Vibe Check Lab is a "witty lab" tool that deconstructs the feel of a conversation. A user pastes in a chatbot transcript with its witty prompt: "Overthink a conversation. But with science."

The app then analyzes it and returns a simple, digestible report with the headline, "The lab results are in."

The report identifies:

  1. The Key Moment: The single "catalyst" (a word or phrase) that defined the conversation's vibe.
  2. Core Metrics: It breaks the chat down into three core cards: Rapport, Purpose, and Flow.

Instead of academic jargon, each card shows a plain-language finding (e.g., "This was a polite but very formal interaction."). Users can then click on any metric card to open a "deep dive" pop-up. This modal reveals the underlying linguistic theory (like Politeness Theory), a detailed analysis, and a professional "Key Source" citation for further learning.

🛠️ How I built it

I built Vibe Check Lab as a full-stack, serverless application on Google Cloud, as shown in my architecture diagram.

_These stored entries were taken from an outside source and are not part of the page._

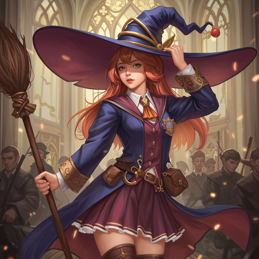 A fierce and enchanting young witch in an intricately designed magic academy uniform, adorned with a large, dramatically wide-brimmed witch hat. The scene is cinematic, capturing the essence of an elaborate and elegant masterpiece. This digital painting combines the styles of renowned artists, featuring concept art that merges the ethereal beauty of Alphonse Mucha with the dynamic energy of Artgerm and the imaginative depth of Ruan Jia, Hong Soonsang, WLOP, and Greg Rutkowski. The artwork is a trending sensation, reminiscent of the most captivating pieces on ArtStation and Pixiv, blending elements of fantasy with an aura of mystique that invites viewers into its spellbinding world.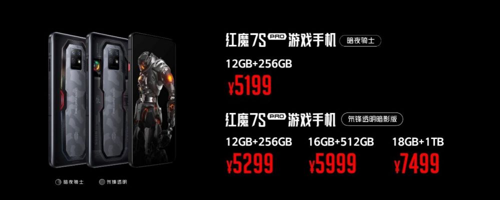 本次红魔7S系列提供了多个存储配置版本,玩家可根据自身需求灵活选择:红魔7S暗夜骑士8+128GB,售价3999元!12+256GB,售价4799元!红魔7S氘锋透明12+128GB,售价4899元!16+256GB,售价5499元!红魔7S Pro暗夜骑士12+256GB,售价5199元!红魔7S Pro氘锋透明暗影版12+256GB,售价5299元!16+512GB,售价5999元!18GB+1TB,售价7499元!挑战行业首款未来科幻风格银色透明设计的红魔7S Pro氘锋透明银翼版,12+256GB售价5299元!16+512GB,售价5999元!掀起红魔“蜂”潮的变形金刚大黄蜂限量典藏套装,售价6499元,将于7月底开售!红魔7S系列已于7月11日16:30在红魔商城、努比亚京东自营旗舰店开启预售,并将于7月15日10:00在全国线上线下渠道同步开售!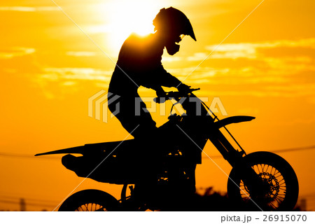 siluate of motard racer back sun light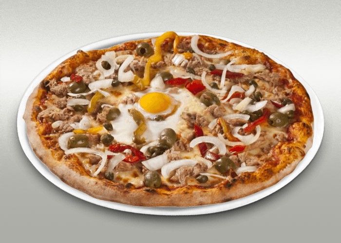 Tomate, fromage, thon, oignons, poivrons, boursin, oeuf.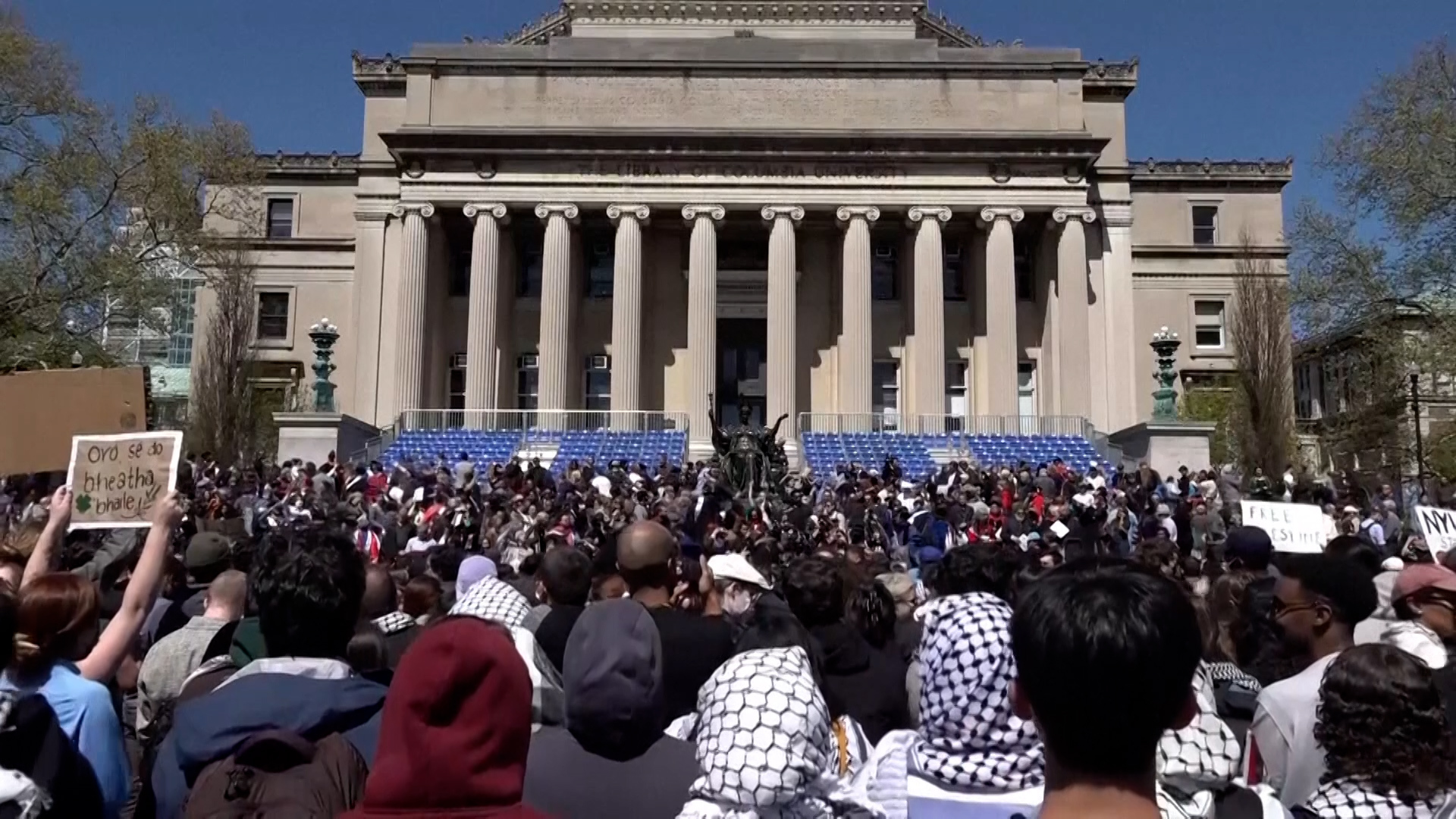وأشارت نيويورك تايمز إلى أن الشرطة موجودة بمحيط الحرم الجامعي ولكن لم يكن هناك ما يشير إلى أنها تتأهب لفض التجمع الطلابي، ونقلت عن مجموعة “كولومبيا من أجل العدالة لفلسطين” أن الجامعة هددت باستدعاء الحرس الوطني لتفريق المحتجين.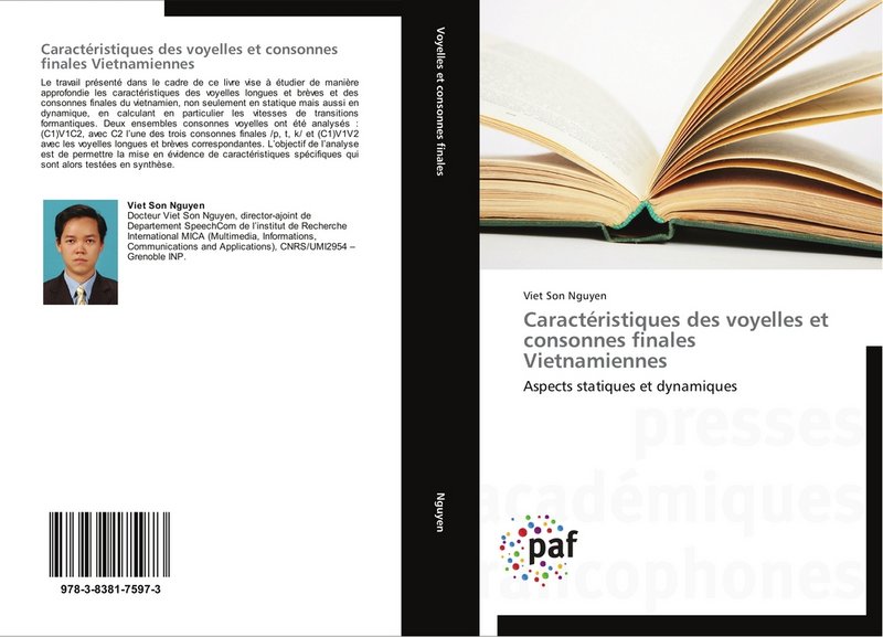 Le travail présenté dans le cadre de ce livre vise à étudier de manière approfondie les caractéristiques des voyelles longues et brèves et des consonnes finales du vietnamien, non seulement en statique mais aussi en dynamique, en calculant en particulier les vitesses de transitions formantiques. Deux ensembles consonnes voyelles ont été analysés : (C1)V1C2, avec C2 l’une des trois consonnes finales /p, t, k/ et (C1)V1V2 avec les voyelles longues et brèves correspondantes. L’objectif de l’analyse est de permettre la mise en évidence de caractéristiques spécifiques qui sont alors testées en synthèse. Maison d'édition: Presses Académiques Francophones Auteur : Nguyen Viet Son Nombre de pages 148 |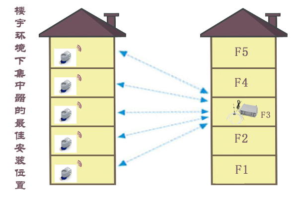 1、集中器安裝的位置要盡量避免與表具之間相對位置處于垂直方向,比如說,A棟樓共5層,裝有X只表,如果為了與A棟表通信,而在A棟樓頂裝集中器,通信效果遠不如安裝在對面樓3層位置。如下圖。

  • Frontend: A React App (hosted on GitHub Pages) serves as the user interface. It manages the app's three states (Input, Loading, and Report) and includes guardrails to ensure users submit valid transcripts.
  • Backend: A Python (Flask) API is deployed as a container on Google Cloud Run. This endpoint receives the transcript, validates it, and orchestrates the AI analysis.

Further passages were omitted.